Table Of ContentWHAT PEOPLE ARE SAYING ABOUT
CARTOGRAPHIES OF THE ABSOLUTE
Cartographies of the Absolute takes us beyond current fashions for
perspectivalism and flat ontologies, and beyond the tired (and often
quietistic) formulae that argue how capitalism’s modern complexities
must remain forever beyond human grasp. Bringing vital insights to a
range of aesthetic practices – and recognising the torsions, refractions
and ruses required to puncture the reified social forms before us –
Toscano and Kinkle elaborate a praxis of dissident totalisation to counter
capital’s limited horizons.
Gail Day, author of Dialectical Passions: Negation in Postwar Art Theory
Culture, in the last decade, has had a simple duty: to be the dreamlife of
the bust. It has answered this call in ways uneven, tawdry, messed up,
beautiful – but it has finally not failed to make a veiled reading of this
obscene catastrophe. But how then to wake from the purling images,
how to leap from dream to map of the present? Here we need ideal
readers of culture’s readings, and none have come closer than Alberto
Toscano and Jeff Kinkle. Their bravura cleavings of spectacular
representation and the transformations of global capital become
themselves a kind of new knowledge, a kind of psychelocation from
which we might take an orientation and a sense of possibility.

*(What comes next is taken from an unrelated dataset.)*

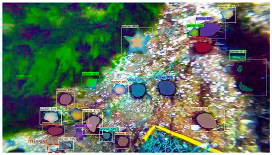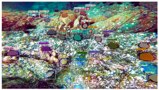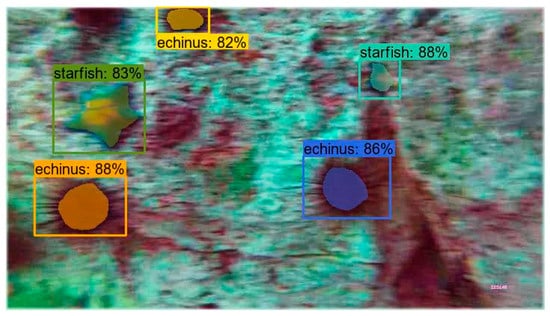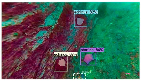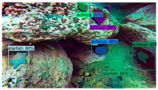 Figure 8, Figure 9, Figure 10, Figure 11, Figure 12 and Figure 13 illustrate the optimal outcomes of underwater image segmentation by using the FW method combined with six underwater images in which three kinds of underwater creatures, i.e., echinus, starfish and holothurian, are to be segmented. The number of targets to be segmented increases from the No. 1 image to the No. 6 image. The percentages in the graph are the probabilities of the target being recognized as the corresponding category. As can be seen, the probabilities are generally above 80%, which indicates that the proposed FW method can well achieve the segmentation of underwater image instances. In detail, in Figure 8, Figure 10 and Figure 11, the proposed FW method did not miss any targets and segmented the targets well. Figure 12 and Figure 13 show that the segmentation of underwater images containing many targets has also achieved good results. However, it should be noted that the segmentation effect is insufficient for incomplete targets at the edge of the image. As can be seen, one starfish at the bottom is missed for segmentation in Figure 9 and Figure 12, shown in dashed-boxes. In addition, the underwater environment is complex and diverse, which has an impact on the segmentation and recognition of underwater targets. For example, in Figure 12, the recognition probability of a starfish is only 53%, well below the average level. In Figure 13, two starfishes and several possible echini are missed for segmentation. Nevertheless, on the whole, the proposed method achieves the instance segmentation of underwater images well.
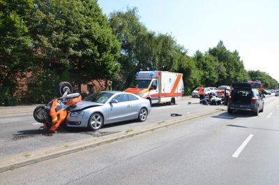 Ein 62 Jahre alter Motorradfahrer ist am Mittwochnachmittag bei einem Verkehrsunfall auf der Stresemannstraße schwer verletzt worden. Er kam von seiner Fahrbahn ab, geriet in den Gegenverkehr und stieß dort mit einem Pkw zusammen.

Joshua Clover, author of the Totality for Kids and 1989
How this complex, chaotic, vicious system of exploitation called
capitalism has been rendered by TV writers, Hollywood directors, and
glamorous or struggling artists forms the theme of this book. From box
sets to boxes floating across the seas, from dialectical thinking to
diabolical reckoning: it is all here, laid out, picked out and unpicked,
absorbed and turned over. Rubbish practices are called out, whether
they originate in governments or the artworld. Cognitive mapping,
which may be the poor analyst’s conspiracy theory, gets its abstractions
made real. Read it and move more consciously and dialectically through
the globe.
Esther Leslie, author of Walter Benjamin and Synthetic Worlds: Nature,
Art and the Chemical Industry
A grand tour de force of western cognitive maps and a searching dérive
through anti-capitalist dimensions of theory, media and art – now
pulsing on the rotting flesh of the world system. With critical acumen,
serious political commitment and more than a modicum of erudite cool,
Toscano and Kinkle revisit Jameson’s landmark work on cognitive
mapping and, by drawing extensively on the Marxist critical tradition,
forward the life and death project of teaching readers to read in a
dialectical mode. Grasping the aesthetic as at once program and
battleground, they clearly manifest the necessity, the stakes, and the
fine-grained resolution of a radical critical practice.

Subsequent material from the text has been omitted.